Missouri sits at the geographic center of the country, but before you pack a single box, you face a decision that shapes everything else: Kansas City or St. Louis. These two cities are 250 miles apart on I-70, cost roughly the same to rent in, and yet feel like they belong to different states. Get this choice right first, and the rest of the move falls into place.

Kansas City vs. St. Louis: The Decision Framework

Most people moving to Missouri without a job already lined up will default to whichever city a friend or family member lives near. That is a fine reason, but if you are starting from scratch, here is how the two metros actually differ.

Kansas City (population 2.2 million in the metro) leans west, culturally and economically. Its major industries are healthcare, logistics, financial services, and manufacturing. Garmin, H&R Block, Burns and McDonnell, and Hallmark Cards anchor the corporate base. The KC metro spans two states, so you may end up living in Kansas (lower income taxes, no earnings tax) while working in Missouri. The median home price in Kansas City proper hit $289,000 in late 2025, up 7.9% year over year. Tech salaries average $85,000, and the metro ranked among the top 10 housing markets nationally for 2026 according to both the National Association of Realtors and Zillow.
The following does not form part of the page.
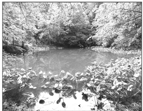
The pond at Hughes Tree Farm will be used for family fishing events. It is accessible from a short trail and is connected to other trails by a wooden bridge.

St. Louis (population 2.8 million in the metro) pulls east toward the Mississippi. Its economy runs on healthcare (BJC HealthCare, SSM Health), financial services, aerospace (Boeing has a major facility), and an active startup scene centered in the Cortex Innovation District. The median sale price for a residential home reached $314,900, a 12.5% increase, though condos dipped 3.2% to around $230,000. St. Louis imposes a 1% city earnings tax on residents and non-residents who work within city limits, the same as Kansas City. The city offers one of the top free zoos in the country, the Gateway Arch, and Forest Park.

The honest split:

  • Choose Kansas City if your job is in logistics, manufacturing, animal health, or financial technology; if you want newer suburbs with more land per dollar; or if you prefer a city still actively reinventing itself.
  • Choose St. Louis if you work in healthcare or aerospace; if you want an established urban core with more walkable neighborhoods; or if proximity to the river corridor matters.
  • Choose neither if you want mountains, an ocean, or a year without tornadoes.

Springfield (population 170,000) and Columbia (population 130,000) are viable alternatives if you want lower housing costs or a college-town atmosphere. Both are within two to three hours of either metro.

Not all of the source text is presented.